### Collected data
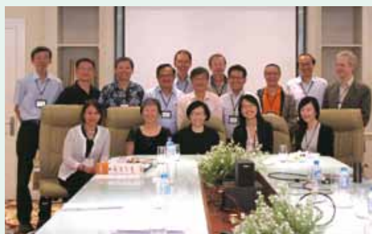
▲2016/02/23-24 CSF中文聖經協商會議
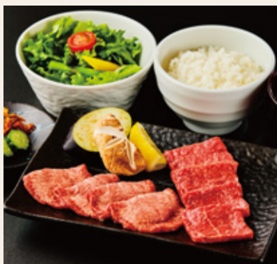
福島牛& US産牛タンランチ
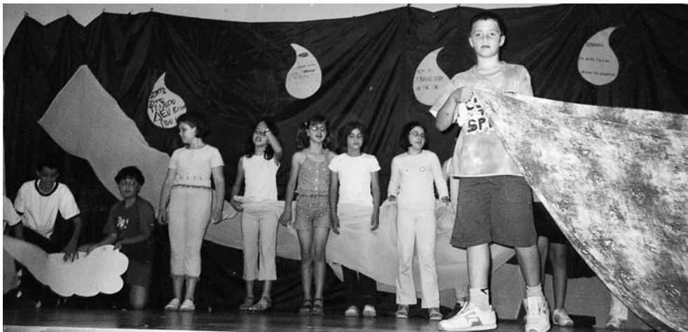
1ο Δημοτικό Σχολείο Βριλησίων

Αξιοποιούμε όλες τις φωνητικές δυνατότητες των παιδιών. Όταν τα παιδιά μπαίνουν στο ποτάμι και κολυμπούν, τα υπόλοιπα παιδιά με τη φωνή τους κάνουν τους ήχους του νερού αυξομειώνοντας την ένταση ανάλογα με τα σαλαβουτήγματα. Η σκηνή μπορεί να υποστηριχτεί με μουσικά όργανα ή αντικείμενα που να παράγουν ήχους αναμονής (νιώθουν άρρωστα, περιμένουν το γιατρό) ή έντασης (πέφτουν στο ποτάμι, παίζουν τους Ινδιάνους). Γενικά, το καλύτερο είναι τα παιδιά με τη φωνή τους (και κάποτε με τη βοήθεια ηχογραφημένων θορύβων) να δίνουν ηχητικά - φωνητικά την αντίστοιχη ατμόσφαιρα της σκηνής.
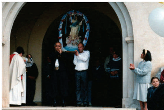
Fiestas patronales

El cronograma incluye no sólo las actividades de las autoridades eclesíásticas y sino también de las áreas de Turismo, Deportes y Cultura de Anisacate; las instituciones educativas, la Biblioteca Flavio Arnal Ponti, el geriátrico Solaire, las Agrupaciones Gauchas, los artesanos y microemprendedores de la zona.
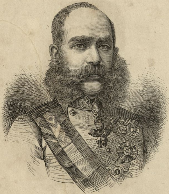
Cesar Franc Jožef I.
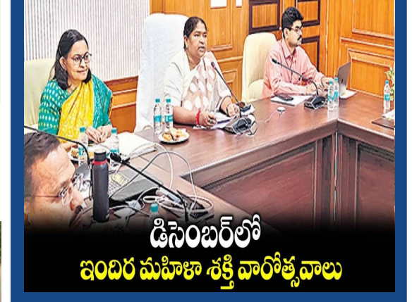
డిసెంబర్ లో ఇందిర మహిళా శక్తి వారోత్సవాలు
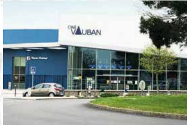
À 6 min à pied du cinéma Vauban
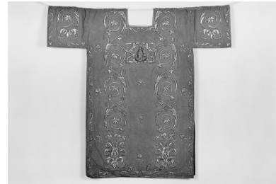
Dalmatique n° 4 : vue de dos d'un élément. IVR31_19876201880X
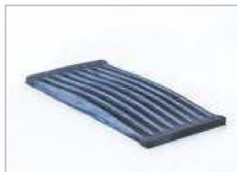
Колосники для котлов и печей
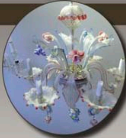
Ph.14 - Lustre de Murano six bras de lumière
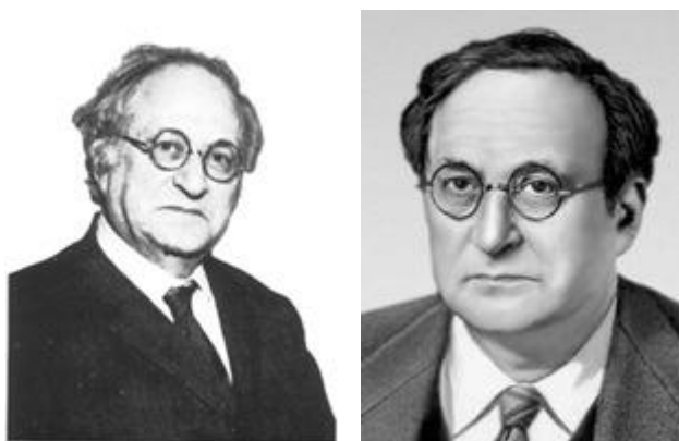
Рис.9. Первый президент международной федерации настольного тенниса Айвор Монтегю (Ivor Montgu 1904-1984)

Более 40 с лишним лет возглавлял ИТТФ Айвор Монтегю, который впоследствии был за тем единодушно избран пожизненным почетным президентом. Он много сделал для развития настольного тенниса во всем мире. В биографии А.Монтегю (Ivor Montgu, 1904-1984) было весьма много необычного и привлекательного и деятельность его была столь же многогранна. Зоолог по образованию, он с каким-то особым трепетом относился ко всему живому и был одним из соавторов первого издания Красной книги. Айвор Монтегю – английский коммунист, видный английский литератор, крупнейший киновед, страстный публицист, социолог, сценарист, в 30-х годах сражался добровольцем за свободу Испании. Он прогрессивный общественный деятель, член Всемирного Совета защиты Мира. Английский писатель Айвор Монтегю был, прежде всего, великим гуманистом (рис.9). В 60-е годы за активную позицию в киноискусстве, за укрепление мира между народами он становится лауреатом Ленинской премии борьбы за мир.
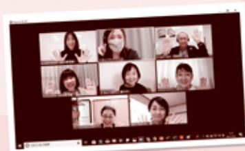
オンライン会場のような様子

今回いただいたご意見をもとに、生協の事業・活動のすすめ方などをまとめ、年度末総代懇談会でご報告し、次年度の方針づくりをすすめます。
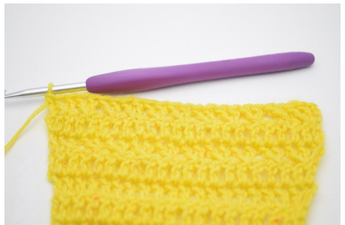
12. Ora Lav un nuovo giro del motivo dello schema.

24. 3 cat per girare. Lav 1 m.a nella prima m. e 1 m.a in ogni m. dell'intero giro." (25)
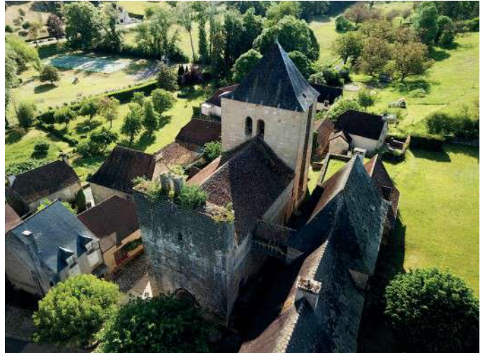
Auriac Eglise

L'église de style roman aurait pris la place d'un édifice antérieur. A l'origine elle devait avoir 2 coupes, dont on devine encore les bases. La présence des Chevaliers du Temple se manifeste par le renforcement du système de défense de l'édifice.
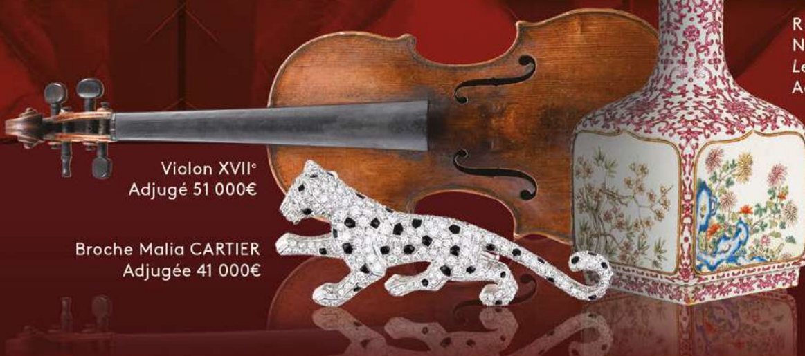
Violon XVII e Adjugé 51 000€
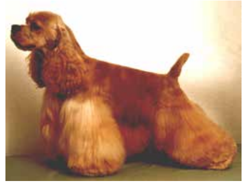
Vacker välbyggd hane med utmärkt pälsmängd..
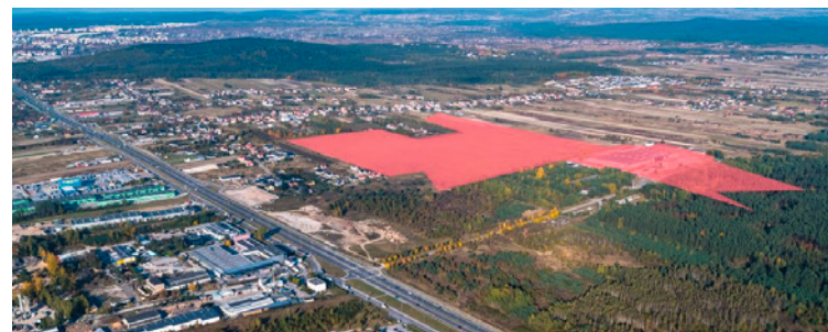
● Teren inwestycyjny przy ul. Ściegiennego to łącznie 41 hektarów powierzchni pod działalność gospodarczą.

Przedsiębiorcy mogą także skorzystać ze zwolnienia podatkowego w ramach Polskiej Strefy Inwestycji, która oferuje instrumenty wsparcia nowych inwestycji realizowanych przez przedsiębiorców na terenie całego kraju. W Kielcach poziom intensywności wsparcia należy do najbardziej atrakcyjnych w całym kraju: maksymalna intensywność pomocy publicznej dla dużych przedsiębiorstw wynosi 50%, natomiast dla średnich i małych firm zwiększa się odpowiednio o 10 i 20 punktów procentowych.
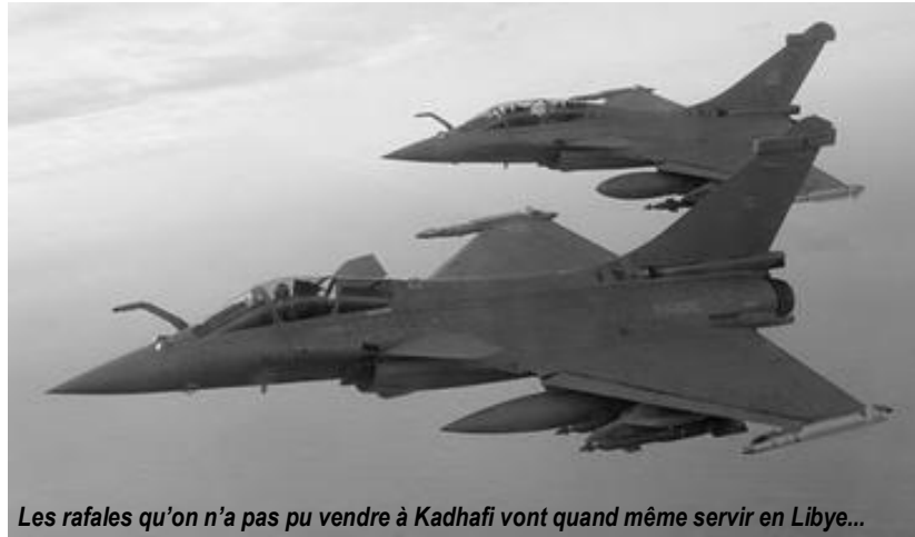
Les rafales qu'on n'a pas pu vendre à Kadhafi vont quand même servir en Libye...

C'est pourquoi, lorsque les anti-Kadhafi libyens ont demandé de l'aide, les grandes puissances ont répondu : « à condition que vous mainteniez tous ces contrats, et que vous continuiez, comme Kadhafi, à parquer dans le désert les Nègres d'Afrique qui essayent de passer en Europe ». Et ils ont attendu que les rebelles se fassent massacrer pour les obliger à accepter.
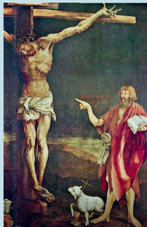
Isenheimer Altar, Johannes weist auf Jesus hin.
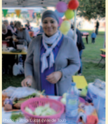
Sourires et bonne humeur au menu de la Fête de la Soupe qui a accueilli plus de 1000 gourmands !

### TASK
Please retype the entries above word for word, but only from the line containing "Isenheimer Altar, Johannes" through the last line, and without the pictures.

### ANSWER AREA
Isenheimer Altar, Johannes weist auf Jesus hin.
Sourires et bonne humeur au menu de la Fête de la Soupe qui a accueilli plus de 1000 gourmands !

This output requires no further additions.